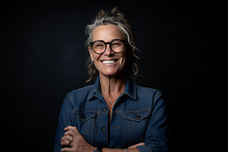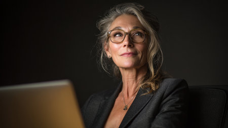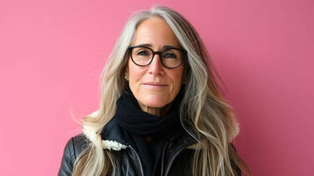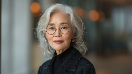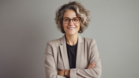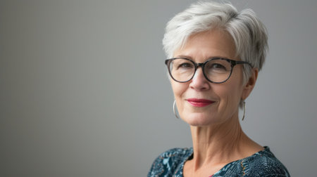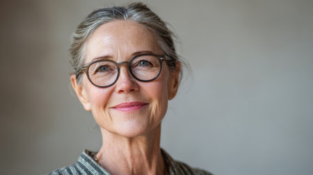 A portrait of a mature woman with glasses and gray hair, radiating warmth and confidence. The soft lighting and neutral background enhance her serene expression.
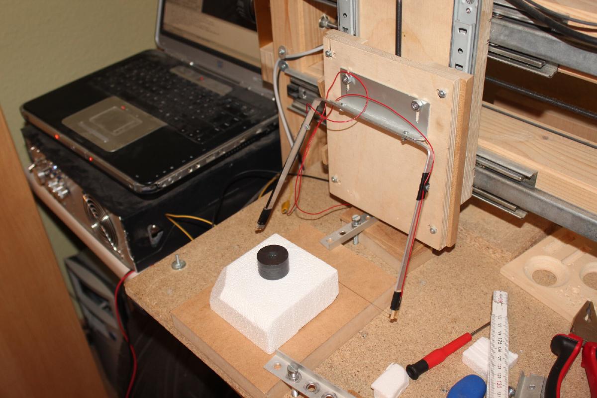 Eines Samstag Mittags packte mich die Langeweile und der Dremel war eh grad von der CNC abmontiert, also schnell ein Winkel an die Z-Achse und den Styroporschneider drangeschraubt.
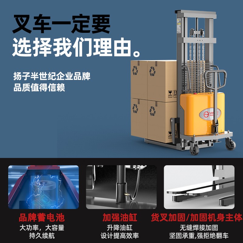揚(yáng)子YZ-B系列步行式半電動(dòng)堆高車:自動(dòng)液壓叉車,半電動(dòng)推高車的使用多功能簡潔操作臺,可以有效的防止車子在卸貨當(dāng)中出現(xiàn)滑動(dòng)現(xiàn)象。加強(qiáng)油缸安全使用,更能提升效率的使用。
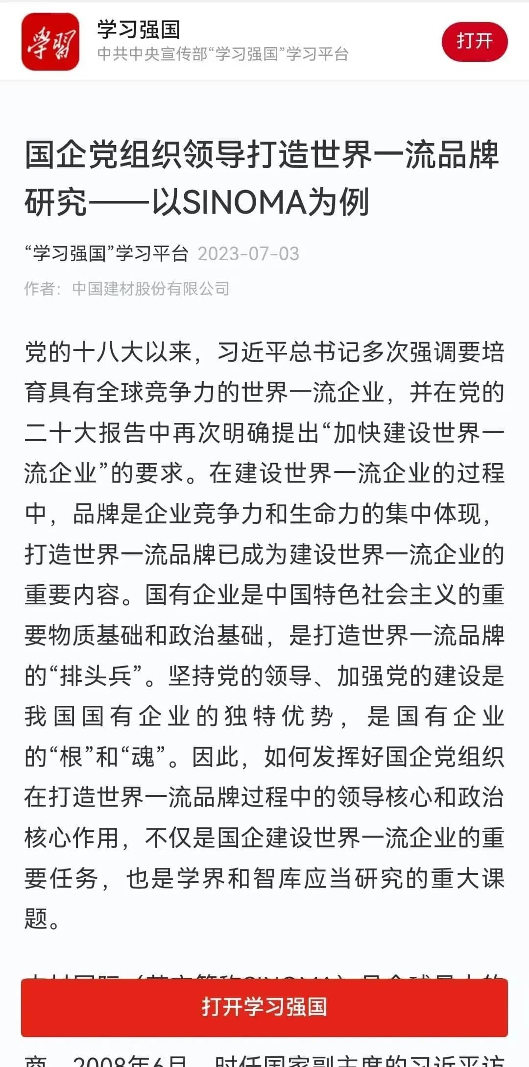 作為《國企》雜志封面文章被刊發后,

------------------------------------------------------------

- ASSIGNED TASK -
Each line from the first line of the listing through the line with "Eines Samstag Mittags" must be printed exactly, both ends included, and no picture may appear.

- EXERCISE ANSWER -
 A portrait of a mature woman with glasses and gray hair, radiating warmth and confidence. The soft lighting and neutral background enhance her serene expression.
 Eines Samstag Mittags packte mich die Langeweile und der Dremel war eh grad von der CNC abmontiert, also schnell ein Winkel an die Z-Achse und den Styroporschneider drangeschraubt.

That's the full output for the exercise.